9) Heron Oblivion - Heron Oblivion
The pastoral folk of Meg Baird from Espers, meets the crunching electric wig-out of Ethan Miller and Noel Von Harmonson from Comets on Fire. Like Sandy Denny jamming with a full throttle Crazy Horse.
8) Hintermass - The Apple Tree
Jon Brooks (from The Advisory Circle and Pattern Forms) and Tim Felton (from the much missed Broadcast) concoct an album that combines big dollops of pastoral loveliness with occasional splodges of gentle blippy weirdness.
7) Nick Cave - Skeleton Tree
Stark, beautiful, devastating.
6) David Bowie - Blackstar
If I'm lucky enough to still be around in 20 years time and am questioned, by an as yet unborn whippersnapper, about the defining music of 2016, I'll simply whizz over to my hologramic record collection on my trusty hoverscooter and play them 'Blackstar'. And even in 2036, I've no doubt I'll still break down in tears when 'I Can't Give Everything Away' kicks in.
5) Community Radio - Look Now You're Cursed
The third of four Australian acts in my Top 10. Hats off to Brian for introducing me to these guys. 'Look Now You're Cursed' is chock full of superior guitar pop. I'm running out of superlatives - listen to it and buy it here!
4) 75 Dollar Bill - Wood/Metal/Plastic/Rhythm/Rock
Much like the Our Solar System album mentioned in Part 1, I can get lost in this one for hours. Swipe me, it's fantastic! Essentially a duo, 75 Dollar Bill move freely between Malian desert blues, Indian drones, Mississippi delta stomps plus all points in-between and either side. I'm delighted to see 'Wood/Metal/Plastic/Rhythm/Rock' turning up on so many end of year best-of lists - all thoroughly deserved accolades. (Sample the whole LP here)
3) Chook Race - Around the House
I've been banging on about 'Around the House' for the last few months to anyone who'll listen.
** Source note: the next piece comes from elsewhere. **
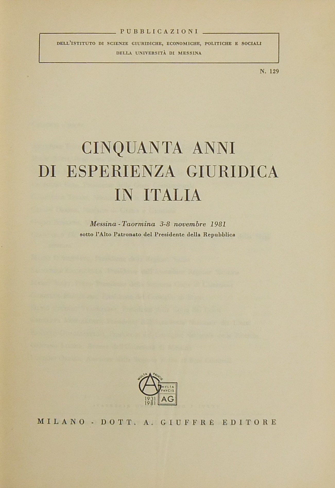 Cinquanta anni di esperienza giuridica in Italia. Atti del convegno Messina-Taormina 3-8 Novembre 1981 sotto l'Alto Patronato del Presidente della Repubblica

Even if no-one's listening, I still bang on about it. Check out this poptastic lo-fi jangle-fest for yourself (here) and you'll fall in love with it too. (Please come and tour the UK guys.)
(.........and there's nothing between the top two, so..... )
=1) Alasdair Roberts & James Green - Plaint of Lapwing
Alasdair Roberts' work may be rooted in the folk tradition, but actually extends far beyond mere genre limitations. 'Plaint of Lapwing' is a collaboration with James Green of The Big Eyes Family Players and is released on Clay Pipe Music, a London based label run by illustrator Frances Castle. This album sits easily among Alasdair's finest, the warm analogue feel of the record belying the file-sharing nature of its creation. Never one to stand still, in 2016 Alasdair also contributed to 'Wild Hog', the lovely second album by The Furrow Collective and already has a new solo collection, 'Pangs', prepared for release at the end of February 2017.
=1) David Thomas Broughton - Crippling Lack
When you fall under David Thomas Broughton's unique spell (as I did in 2005 with 'The Complete Guide To Insufficiency'), you're in it for the long haul. Broughton is part superb singer-songwriter, part avant-garde performance artist - his sonorous baritone, guitar and various electronic gizmos are looped, dissected and reassembled to inject sometimes spontaneous elements to each individual performance. 'Crippling Lack' is a huge undertaking for both artist and listener. Three slabs of vinyl weighing in at a hefty 100 minutes - featuring guest turns from the likes of Beth Orton, Rachael Dadd and Aidan Moffat - though crucially, not a single second is wasted. A towering work. (Check out the full album here.)